*Records for this task*:
- Opening Delimiter -

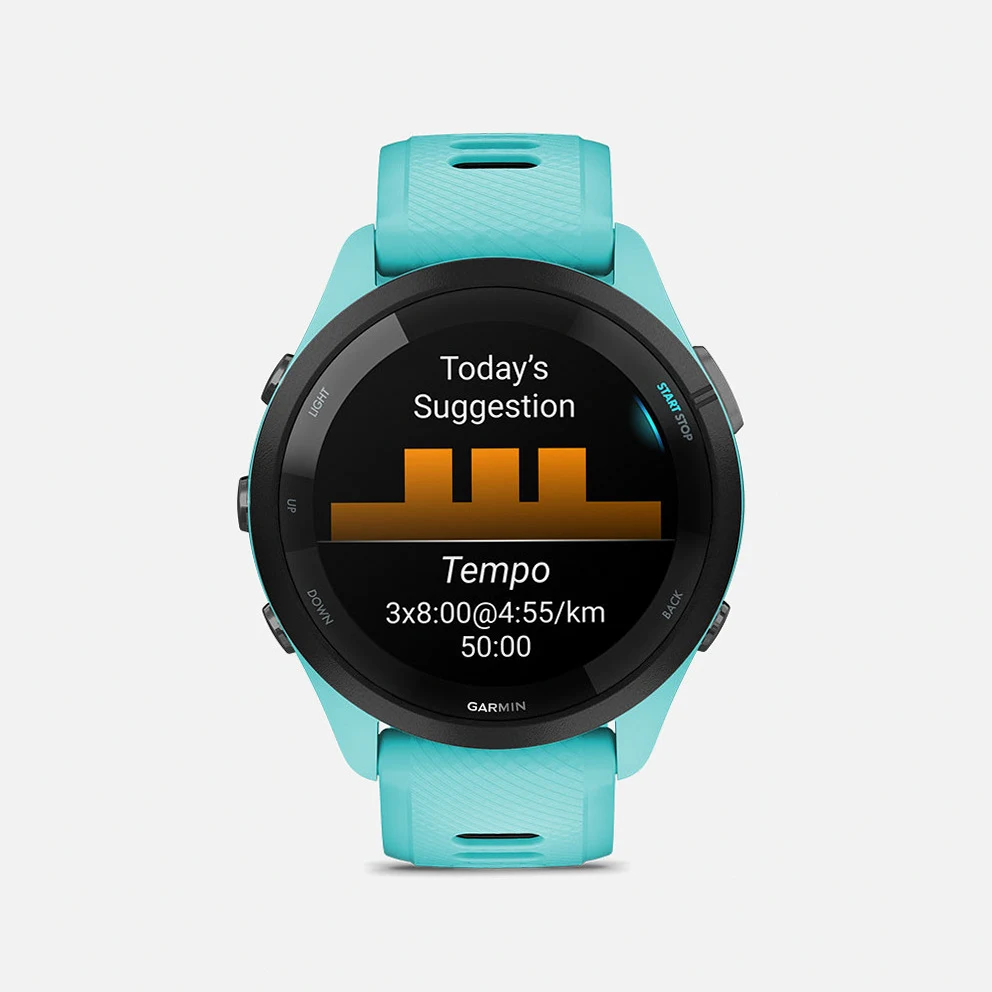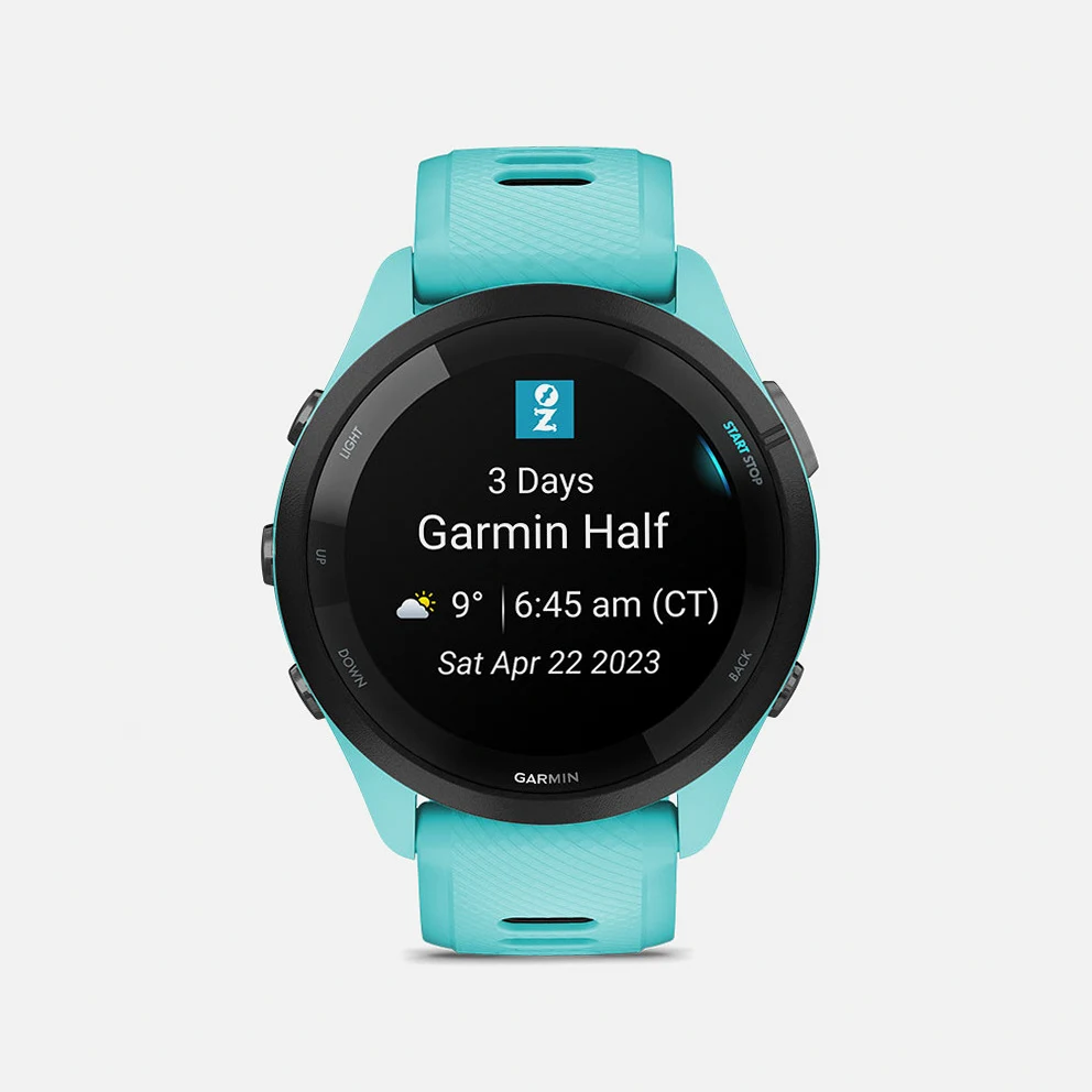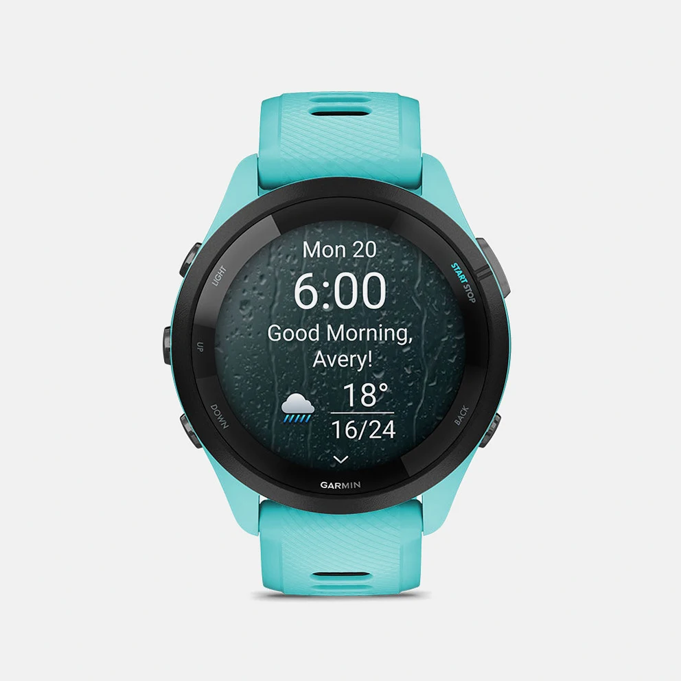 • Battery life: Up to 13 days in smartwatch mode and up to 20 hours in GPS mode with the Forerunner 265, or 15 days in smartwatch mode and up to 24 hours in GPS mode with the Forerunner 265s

- Closing Delimiter -
- Opening Delimiter -

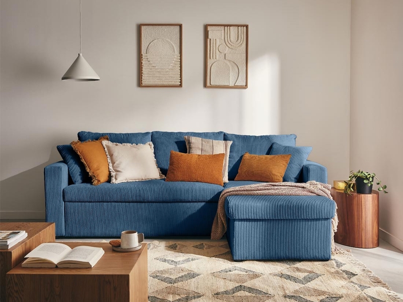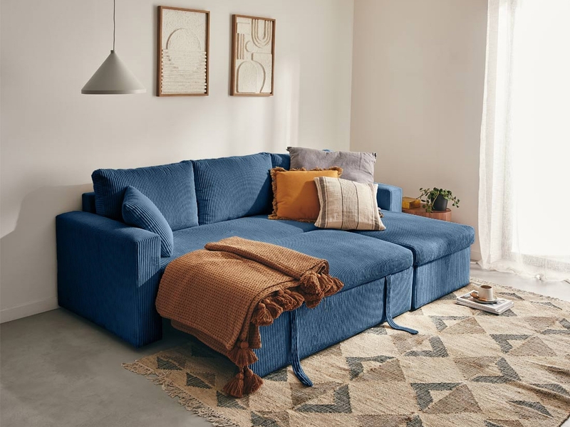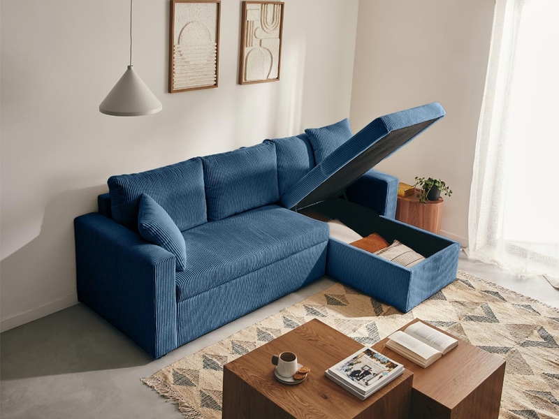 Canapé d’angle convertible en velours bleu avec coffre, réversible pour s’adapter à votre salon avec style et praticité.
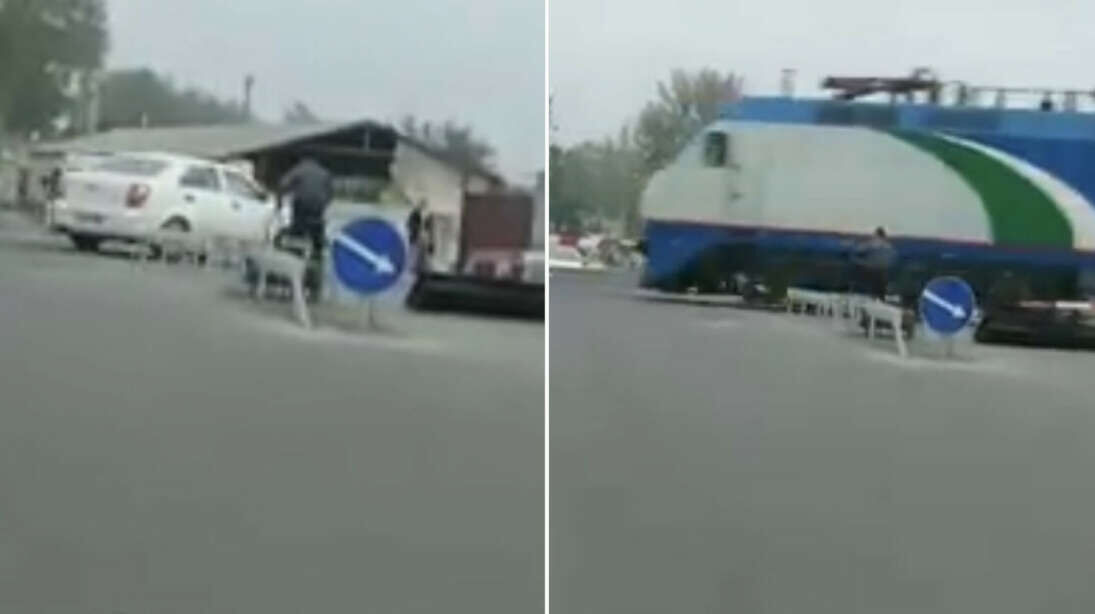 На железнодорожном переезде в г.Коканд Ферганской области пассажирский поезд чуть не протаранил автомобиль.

- Closing Delimiter -

Output exactly those lines of the data above that run from the line with "Canapé d’angle convertible" up to and including the line with "На железнодорожном переезде". No pictures go in.

*Answer to this exercise*:
 Canapé d’angle convertible en velours bleu avec coffre, réversible pour s’adapter à votre salon avec style et praticité.
 На железнодорожном переезде в г.Коканд Ферганской области пассажирский поезд чуть не протаранил автомобиль.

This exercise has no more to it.